Translational Scientists Issue an Immunological Call to Arms, Prepare to Overcome Cancer’s Defenses
In anticancer campaigns, the immune system has often shown too little fighting spirit. It can be too civilized, too restrained—unless it is specially outfitted and guided. Measures that can drive the immune system to exert itself more strenuously, more aggressively, include monoclonal antibodies, cancer vaccines, checkpoint inhibitors, and adaptive cell therapy—all the tools and techniques of immuno-oncology.

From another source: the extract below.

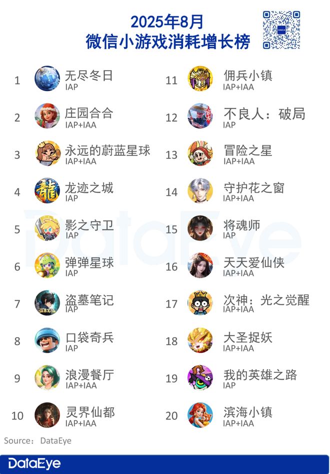 8 月 消耗增长榜中,《无尽冬日》在8月增长突出,排名月增长第一,并在月度消耗榜层面上超过同类型竞品《三国:冰河时代》。除此之外,《庄园合合》和《永远的蔚蓝星球》排名月度消耗增长第二、三名,同时也顺利进入月度消耗榜TOP20。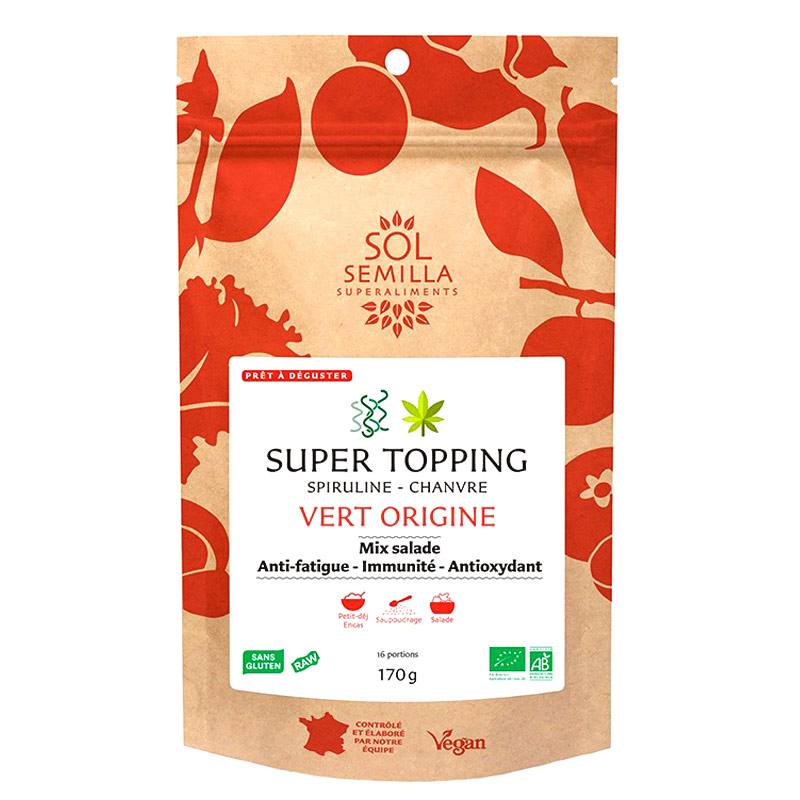 Le Supertopping Vert origine de Sol Semilla est un savant mélange de graines et de spiruline. Gourmand et équilibré, 100 % cru pour un max de nutriments, sans huile, ni sucres ajoutés.

The proliferation of immuno-oncology tools and techniques was evident at the recent Translating Science into Survival conference. This event, which was held in New York City was organized by the Cancer Research Institute, the Association for Cancer Immunotherapy, the European Academy of Tumor Immunology, and the American Association for Cancer Research. The organizers evidently anticipated that this event, like previous immunotherapy events, would be fairly intimate. Yet it sold out quickly and ultimately strained to accommodate 1,400 attendees.
The event’s popularity was probably at least in partly due to recent immunotherapy successes against blood cancers. For example, adaptive cell therapy approaches have shown promise in small trials, and work along these lines continues apace, as several presentations demonstrated. Moreover, lessons derived from this work may be applied more broadly, even to the treatment of solid tumors.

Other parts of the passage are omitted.